Проводницы-закарпатки не жалели для себя немного по-иному.
Женщин, торгующих яблоками, пропускали внутрь поезда за несколько плодов.
Закарпатки съедали их, а полтавчанки, на их месте, положили бы в сумку.
Поезда с разными проводницами шли навстречу, а сойдясь — расходились.
Украинский йог все равно, что индийский.
Только украинский живет в более холодном климате, для разогрева
греется долго ходьбой и сопутствующими ей движениями — и потому ноги его
узловаты, негибки, сложенный из них «лотос» выражен в сидении враскорячку,
а в лучшем случае — скрючивается по-турецки.
В достигнутой позе украинский йог, вместо пранаямы, курит
сигарету или с наслаждением пьет пиво, а если от жинки упрятано достаточно
денег — совершает и то, и другое вместе.
Я приехал в Диканьку, чтобы заняться йогой.
Как и прежде, во дворе Коли Олийныка рос орех, как и в
прошлые годы, просыпались ульи, вились пчелы. Одна залетела мне за ворот,
а потом вылетела. Мы пили самогонку, запивали розовыми птичьими яйцами.
Он говорил, что дожил до тридцати девяти и сказал себе: «Хватит! Пора молодеть!»
И нашел ключ к этому в изречении:
— Липкая тополиная почка прилипает к жизни! Объяснил:
— Мы в основном — подсохшие почки. Не стоит терять липкость,
нужно липнуть к жизни.
И еще он сказал, что Христос — просто бесконечность любви,
что, вслушиваясь в него, чувствуешь — пахнут ландыши.
— А может, сразу начать с ландышей? — спросил я.
Он засмеялся, и мы снова нарушили православный пост потреблением
самогона.
— А странно, что мы вот сидим в Диканьке и говорим о Пушкине,
— сказал он на прощанье и сел в автобус на Полтаву.
Мы и действительно почему-то говорили о Пушкине.
Были и дальше дни, не приносящие старения.
В дубовом лесу появились подснежники.
А ландыши Коля и вправду посадил возле дома, но боялся
— их вытопчет пес.
Он серым пятном бегал вокруг дома и запрыгивал на кирпичные
подоконники, как ласточка. Коля макал в постное масло отщипки хлеба и выбрасывал
в форточку.
Подмасленные собаки всегда исчезают из вида.
Я тоже у него подмаслился той же пищей — и тоже исчез из
его обзора.
Довольно надолго.
Зима опять. Мокрая, как толстая селедка в недоступной для
нищего пластмассовой бочке на грязном богатом базаре, где множество украинских
йогов сидят, курят, матерятся и заискивающе смотрят на хорошо одетых, а
на оборванцев — плохо. Таковы уж каноны украинской йоги.
А по дороге обратно молодая женщина в поезде говорила:
— Муж, как и всякое человеческое существо, поддается воспитанию.

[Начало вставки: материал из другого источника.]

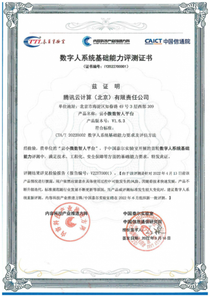 权威认证!腾讯云小微数智人平台通过信通院首批数字人系统基础能力评测
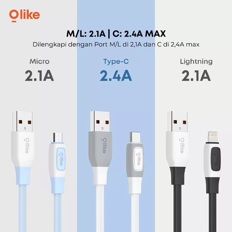 Olike D307 Kabel Data Pipih Micro USB / Type-C / Lightning Original
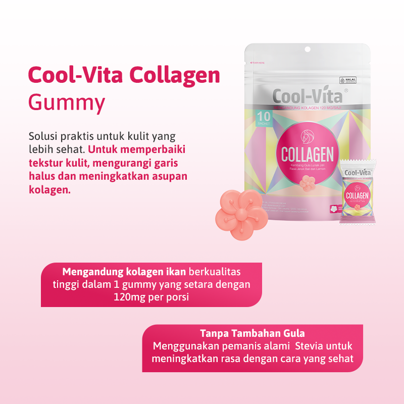 – Konsumsi yang praktis dalam bentuk gummy, dapat mengganti kolagen kapan saja.
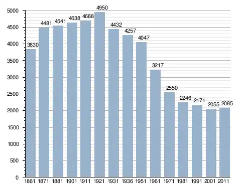 في سنة 1861 بلغ عدد السكان 3٬830 نسمة، وتطور العدد ليصل في سنة 2011 لـ 2٬085 نسمة.
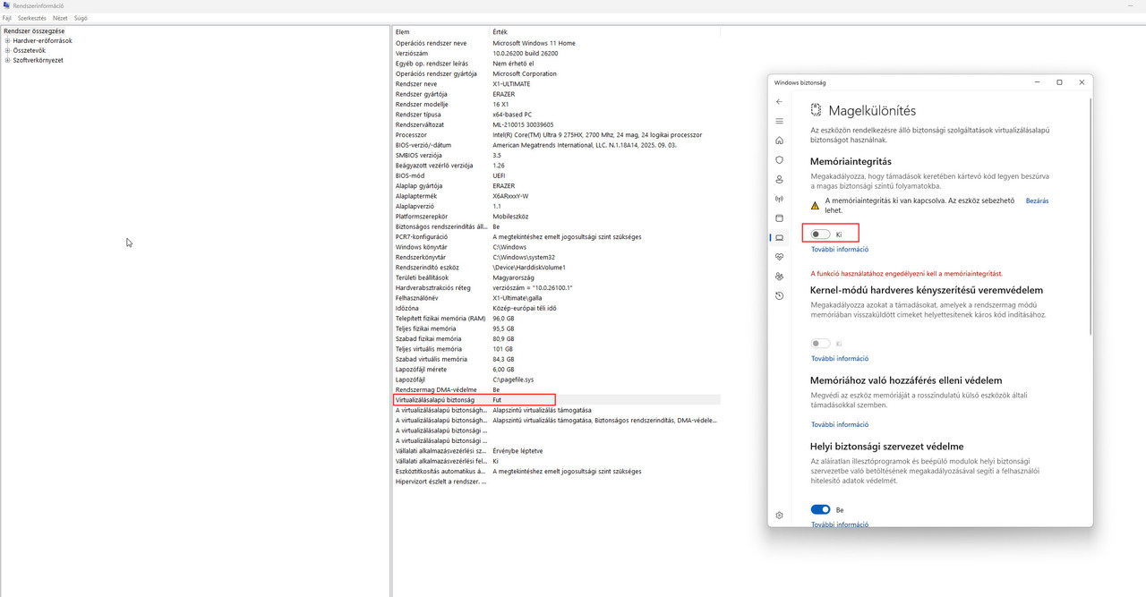 Na jó, de Nálad BIOS szinten engedélyezve van az UV+egyéb beállítások, és a virtualizáció is off.
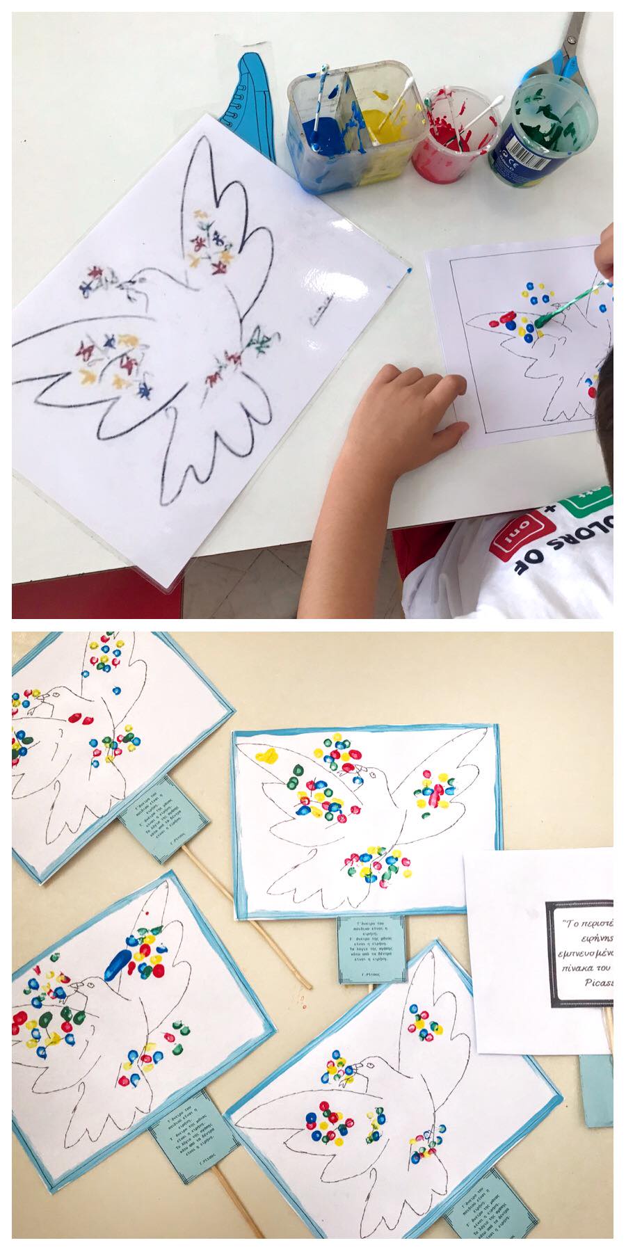 Τα παιδιά αφού παρατήρησαν τα χρώματα που χρησιμοποίησε ο ζωγράφος φτιάξανε το δικά τους περιστέρια.
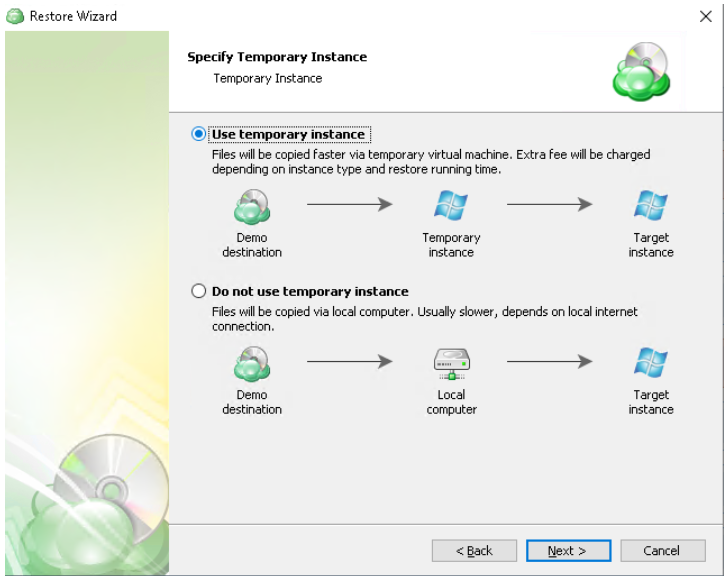 Use a temporary instance for faster cloud-to-cloud restores; avoid it to reduce cloud compute costs at the expense of speed
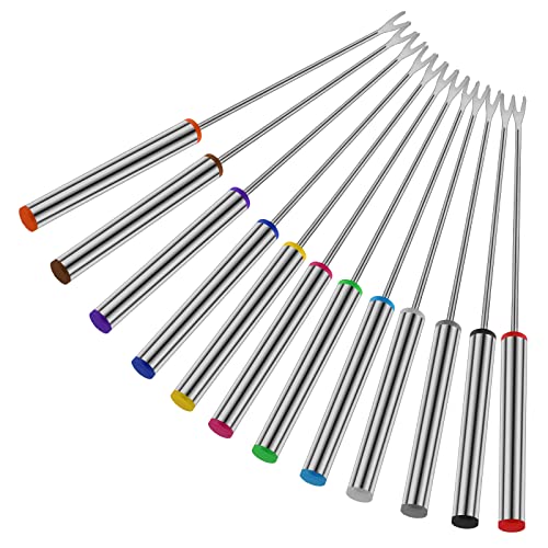 Prasacco 12 st fonduegafflar, 24 cm rostfritt stål fondue-pinnar med värmebeständigt handtag för ost choklad fondue, rostat kött

Может... Но не йог. Наши йоги — гордые, как пьяные у железного
забора, которых рвут за плечи и руки разные по размеру милиционеры, но
оторвать не могут. В целом все закарпатцы отражали, в свете последних постановлений
правительства, истощенность своих фигур. И я смотрел на них печально, потому
что воспитывался в украинских монастырях, которые построил сам. Отчего
и смотрю дальше с бесстрастной болью (ведь йог!) на беспрецедентную акцию
самоубийства всего человечества. Никто этим не волнуется, ведь затуманены
разными словами — «демократия», «фашизм», «антисемитизм», «налоговые инспекции»,
в конце концов, которые в Украине превращены в «налоховые», потому что
рассчитаны на «лохов», а на господ не рассчитаны.
Эти слова можно по-разному переставлять в предложениях,
сталкивать, будто всадников, в условных боях и переживать потом фантастические
победы фантастических масштабов... Хотя надо увидеть не поле боя размера
Куликового, а то, что развернулось, сражение в маленькой нанятой квартире
страшно грязного, до порнографичности, дома на окраине Ужгорода. Или Киева...
В данном случае это не имеет значения. Перед лицом этого
слишком большого самоубийства. Как, впрочем, и количество одиноких озабоченных
квартир.
Запад уничтожает славянство, потому что от хронически хорошей
жизни придумал себе что-то наподобие: «Спасем Землю от обмерзания — растопим
Антарктиду. Довольно нам и Севера!»
И бедняги не понимают, что нет ни вечного лета, ни вечной
любви, ни однообразного коммунизма или капитализма в едином человечестве,
одержимом общей идеей коммунистической или капиталистической революции.
Какой едино правильный общественный строй, когда нет против
кого революцию делать?
Когда есть против кого — то есть и коммунисты, капиталисты.
Пока есть заключенные — есть тюрьмы. Пока есть тюрьмы — есть зэки. Такие
уж люди. Странные такие. Украинцы, американцы, святые, проститутки.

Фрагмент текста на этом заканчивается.